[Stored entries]
▼▼▼
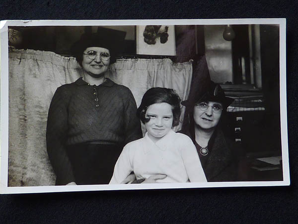 AK: In London with her aunts Millie and Sophie Levy. "Two unmarried Jewish sisters. Auntie Sophie is standing on the left. She was the younger one
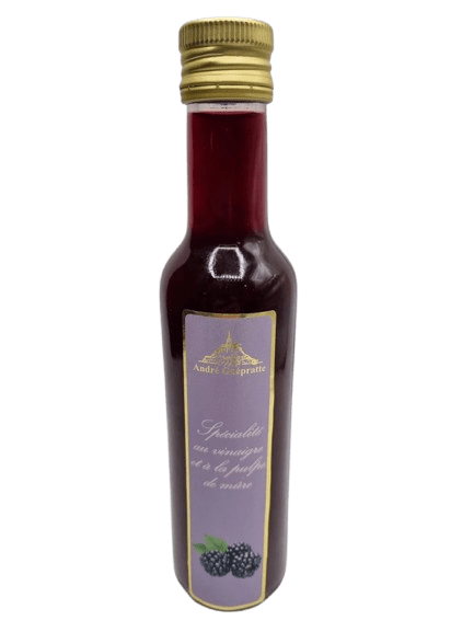 Assaisonnements et condiments produits de la Normandie Ingrédients: Vinaigre d ‘alcool, Purée de Mûres 40%, sucre, pectine. Sans colorant ni conservateur. Acidité 4°
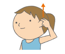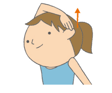 ※首の両横にある太い筋肉(胸鎖乳突筋)もいっしょに伸ばすように耳をひっぱると、さらに効果的
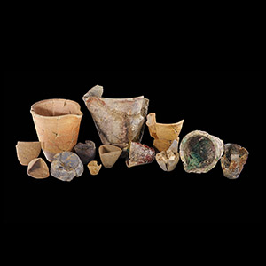 One large vessel is identified as a melting pot. Covered on the interior and exterior with thick residues, this large ceramic may have been part of similar metallurgical or glassmaking efforts on the site.
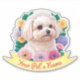 Winsome Bichon Frisé with Yellow, Pink & Purple Flowers Sticker, a heartwarming and personalised creation designed especially for women and girls who hold a special affection for the winsome Bichon Frisé dogs and the delightful beauty of assorted yellow, purple, and pink flowers. This charming sticker features a friendly Winsome Bichon Frisé with bright, expressive eyes and an adorable, playful face that radiates joy. The sticker is adorned with a beautiful array of assorted yellow, purple, and pink flowers, creating a scene that captures the essence of your beloved pet's winsome nature. To add a personalised touch, an elegant yellow ribbon is thoughtfully provided, offering a perfect space to proudly display your cherished pet's name.
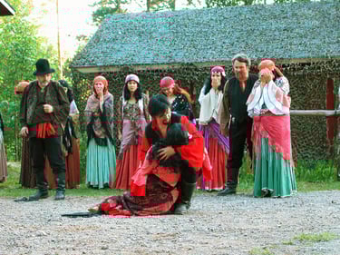 Mustalaisleirin tekijät ovat suurimmaksi osaksi samat kuin Viulunsoittajan tiimi kesällä 2002. Työryhmä käsittää lähes 50 näyttelijää, muusikkoa ja avustajaa.
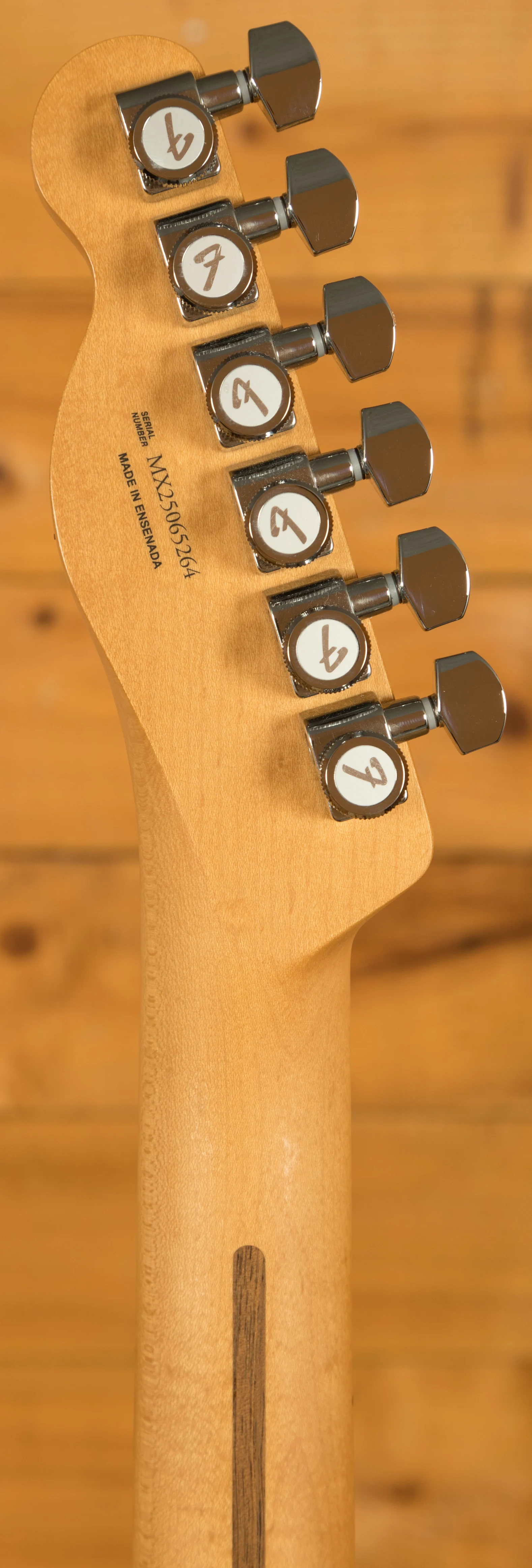 Upgraded electronics include a push/pull tone switch for coil splitting and a treble bleed circuit, which maintains high-end clarity when adjusting the volume. The modern Telecaster bridge features six block brass saddles, enhancing intonation and sustain. Short post locking tuning machines improve tuning stability and make string changes easier. A Graph Tech TUSQ nut and modern string tree further contribute to tuning stability and smooth string travel.
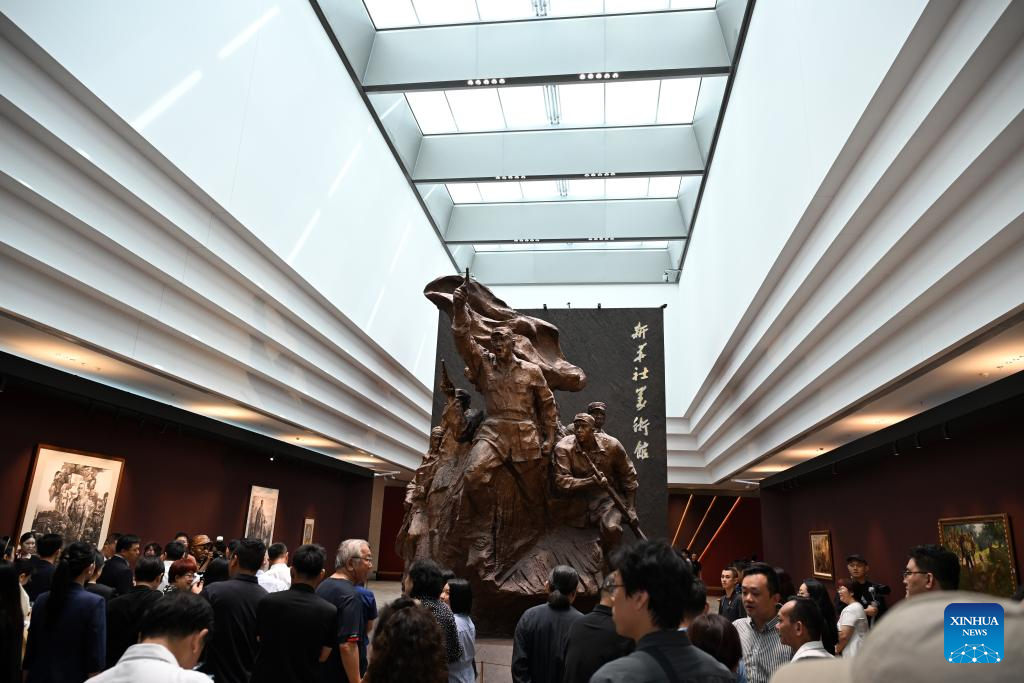 بكين 27 أغسطس 2025 (شينخوا) افتتحت وكالة أنباء شينخوا يوم الثلاثاء الماضي معرضا فنيا يسلط الضوء على حرب المقاومة الشعبية الصينية ضد العدوان الياباني.
▲▲▲
#### [Work instructions]
No pictures belong in the answer. It must repeat exactly the lines from the line with "Mustalaisleirin tekijät ovat" through the final line of the records.

#### [Answer to this task]
 Mustalaisleirin tekijät ovat suurimmaksi osaksi samat kuin Viulunsoittajan tiimi kesällä 2002. Työryhmä käsittää lähes 50 näyttelijää, muusikkoa ja avustajaa.
 Upgraded electronics include a push/pull tone switch for coil splitting and a treble bleed circuit, which maintains high-end clarity when adjusting the volume. The modern Telecaster bridge features six block brass saddles, enhancing intonation and sustain. Short post locking tuning machines improve tuning stability and make string changes easier. A Graph Tech TUSQ nut and modern string tree further contribute to tuning stability and smooth string travel.
 بكين 27 أغسطس 2025 (شينخوا) افتتحت وكالة أنباء شينخوا يوم الثلاثاء الماضي معرضا فنيا يسلط الضوء على حرب المقاومة الشعبية الصينية ضد العدوان الياباني.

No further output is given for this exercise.